New Challenge: Potluck Bingo
Sit down to a delicious selection of prompts served on bingo boards, created by the SWG community.
Written for the Silmarillion Writer's Guild January 2021 Resolutions challenge:
Our bonus prompt today comes from June's "Laws & Customs" challenge:
"Then they cast Eöl over the Caragdûr, and so he ended, and to all in Gondolin it seemed just; but Idril was troubled, and from that day she mistrusted her kinsman."
~ The Silmarillion, "Of Maeglin"
Double drabble text, single drabble commentary, not counting the headers.
Text of Cîr.Im-7438-c2 [Thoughts on Execution, Idril Celebrindal]
How can putting someone to death ever be right? Whatever they have done? I do not mean the death given as mercy to those who would otherwise be defiled, taken, tormented by the Enemy or his minions before they could die, or worse, their fear kept from Mandos by the cruel one; nor the bitter mercy given those of the yrch who were once our kind, our kin, and are now not them at all, but the thing that killed them, whatever form or voice or even spirit say (and if they are not dead, but trapped within, how more necessary to release them to find healing and new life across the sea? And killing that which is trying to kill you is defense, not murder. And if Eol's actions were criminal, were murder, why had he not a trial, allowed to speak in his own defense? His son speak, a Sinda that lived not within walls before choosing here to dwell navigate the perils of that life? But there was no trial, only the long fall. Mayhap he and my aunt may find each other in the Halls.

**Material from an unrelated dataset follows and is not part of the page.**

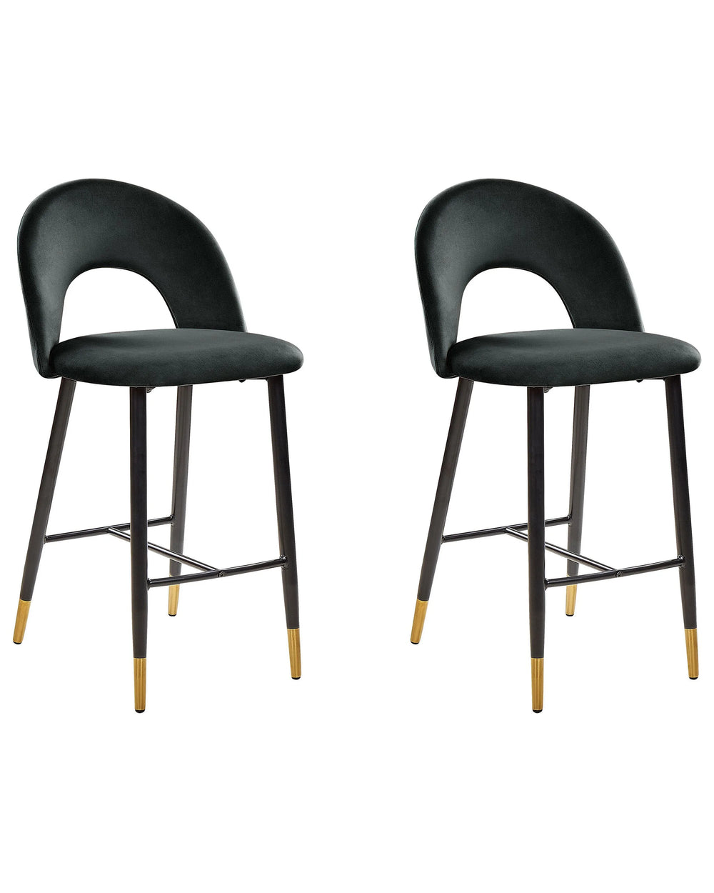 Set of 2 Bar Chairs Black Velvet Black Steel Retro Design Golden Ends Dining Room Beliani is backordered and will ship as soon as it is back in stock.

How do I regard my father now, who ruled it so?
Archivist's Note:
By context, the writer of this piece is Idril Celebrindal, though the hand is not much like that seen in the only other document attested to be hers in the Imladris archives, a formal letter sent from Sirion to Cirdan on Balar. This may be a scribal copy, though if so, the copy was made not long after the composition, as the paper and ink are identifiably of Gondolindrin make. It certainly makes one think about what one does not and cannot know of Eol and Irisse, his actions and his death. Why was there no trial? What really happened?